AI is very important for many tech companies since it can improve productivity and improve profit margins. Generative AI, for instance, can do plenty of coding. This is slowly revolutionising how million of lines of codes are produced and maintained. Large language models are used to contextualise problems and produced answers efficiently.
Technically the stock is in a clear multi-week uptrend, as defined by the pattern of rising lows and rising highs (see below). And this uptrend was supported by a 6-month churn (Oct-Mar).
Should we chase? Looking at Amazon’s accelerative uptrend, I would be wary of doing so. For one, while the macro conditions have improved, they are by no means over. The Fed is still eyeing to raise interest rates. China, the second largest economy in the world, is reporting sluggish export data. Inflation remains sticky in many countries. Meanwhile, interest rates are still high; mortgage rates are slowing rising, too. All these factors erode the buying power of consumers.
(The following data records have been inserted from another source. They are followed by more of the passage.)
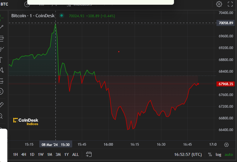 However, the price quickly retreated, with bitcoin last trading at $68,317.72.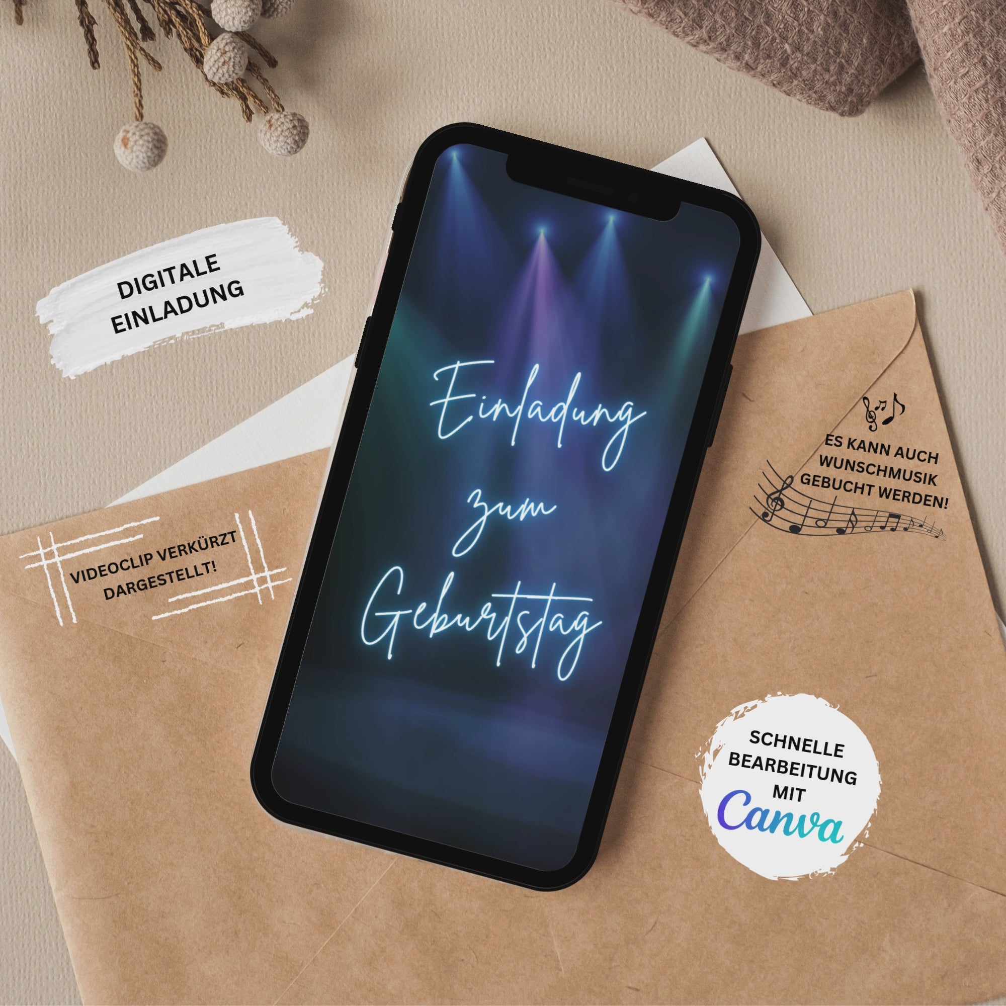 Coole animierte Einladungskarte die deine Freunde begeistern wird.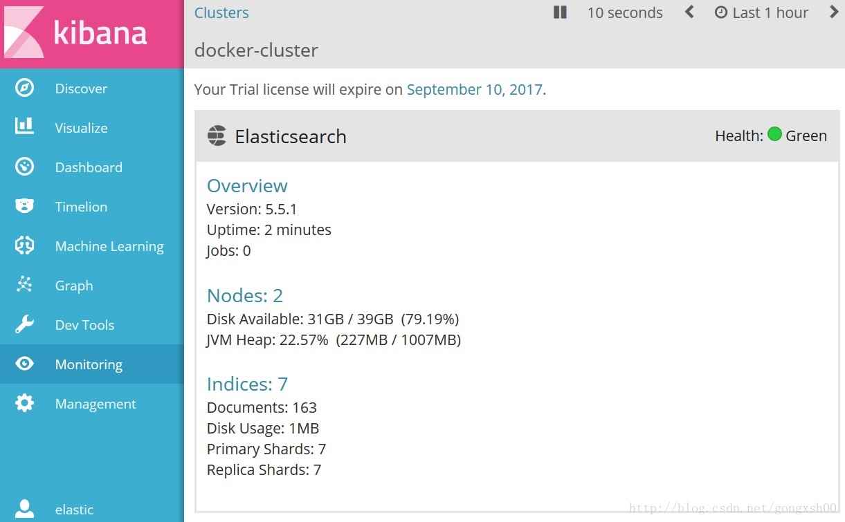 在Kibana中Monitor菜單中可以看到,Elastic Search集群已經(jīng)正常工作: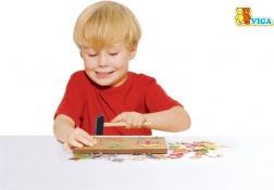 A Viga márka kreatív parafahab szögelős farmja fejleszti a finommotorikát, a logikus gondolkodást és a kreativitást 3 éves kortól. A 24 fa elemmel, a parafalappal, a kis kalapáccsal és a rajzszögekkel a gyerekek saját farmjeleneteket alkothatnak fantáziájuk szerint vagy minták alapján. A biztonságos lekerekített élek és a tartós kivitel rengeteg szórakozást és tanulást biztosít.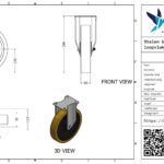 Stalen bokwiel, 250mm diameter, PU loopvlak, kogellager, 299mm bouwhoogte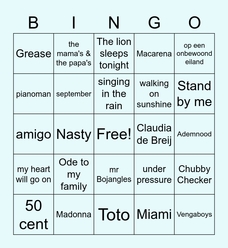 This bingo card has a free space and 48 words: Tarzan, Vengaboys, Lou Bega, Toto, Ode to my family, Griddy nutcracker, the mama's & the papa's, Lionel Richie, pianoman, The Rose, september, Macarena, Chubby Checker, under pressure, blof, Can can, singing in the rain, Claudia de Breij, Prince, op een onbewoond eiland, Nasty, Miami, Grease, walking on sunshine, Paffendorf, Stand by me, 50 cent, Door de wind, mr Bojangles, my heart will go on, René van Kooten, Bella Ciao, Somewhere only we know, Whitney Houston, Madonna, YMCA, Michael Jackson, Ademnood, Celebration, Happy birthday, Snollebollekes, Let it be, The lion sleeps tonight, 9 to 5, amigo, waka waka, Bruno Mars and Living Doll.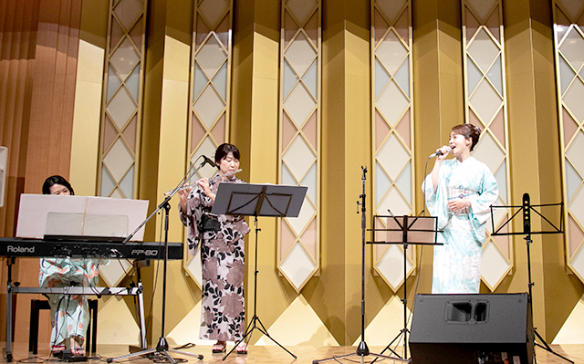 お楽しみの懇親会は、JR四国の観光列車「四国まんなか千年ものがたり」のテーマソング「しあわせのそら」を歌う木内さんのミニコンサートで幕開け。進行を務めた松野安伸校友(51経)とのデュエットもあり、大いに会場を盛り上げてくれた。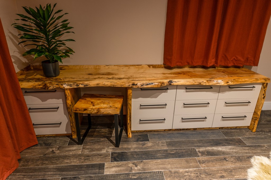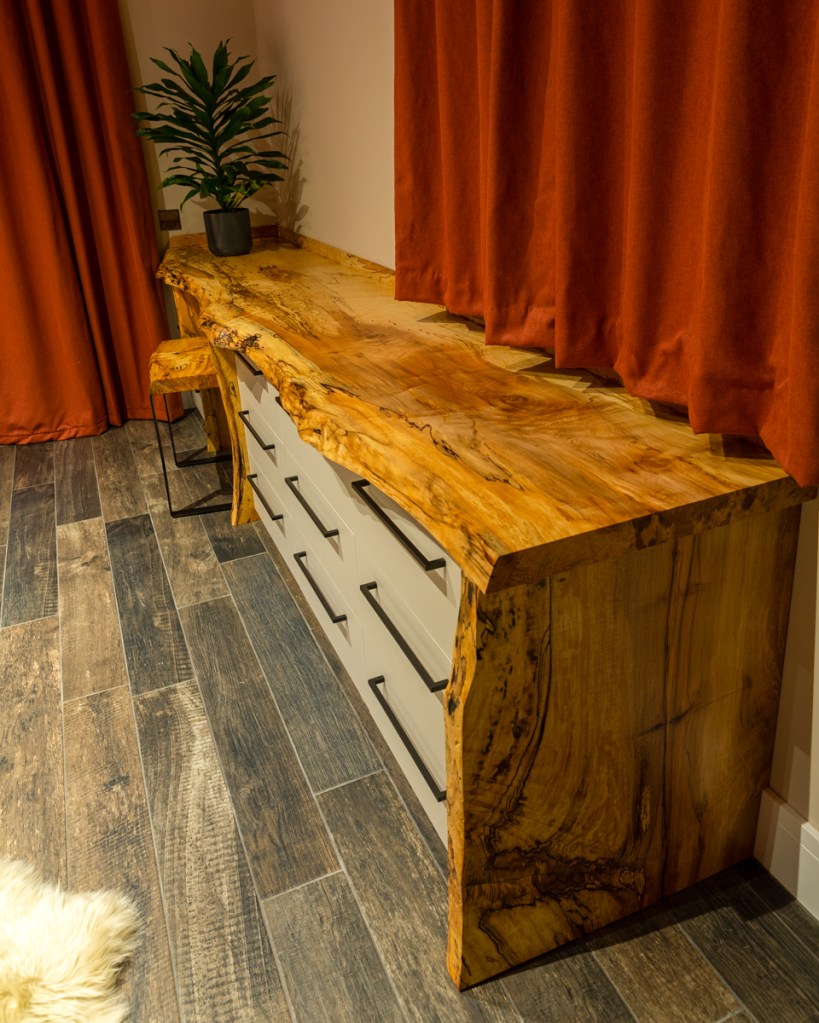 Costs: Drawer Fronts x 12 £155, Handles x 12 £80, Stool Legs £35, Oils & Preserver £200, Spalted Sycamore £1,332 = Total £1,802

Moreover, as late as mid-March, Amazon was still trading in the low 90s. The recent uptrend may have came as a surprise to many. Many traders are still watching where the macro winds blow. A retracement back to the 50-day moving average at around $110-115 is not to be ruled out.
Therefore, having some spare buying power is critical in case investor sentiment sours again in the coming weeks. Watch to buy on modest weakness with clear stop loss levels to protect capital. Risk a modest portion of the overall portfolio.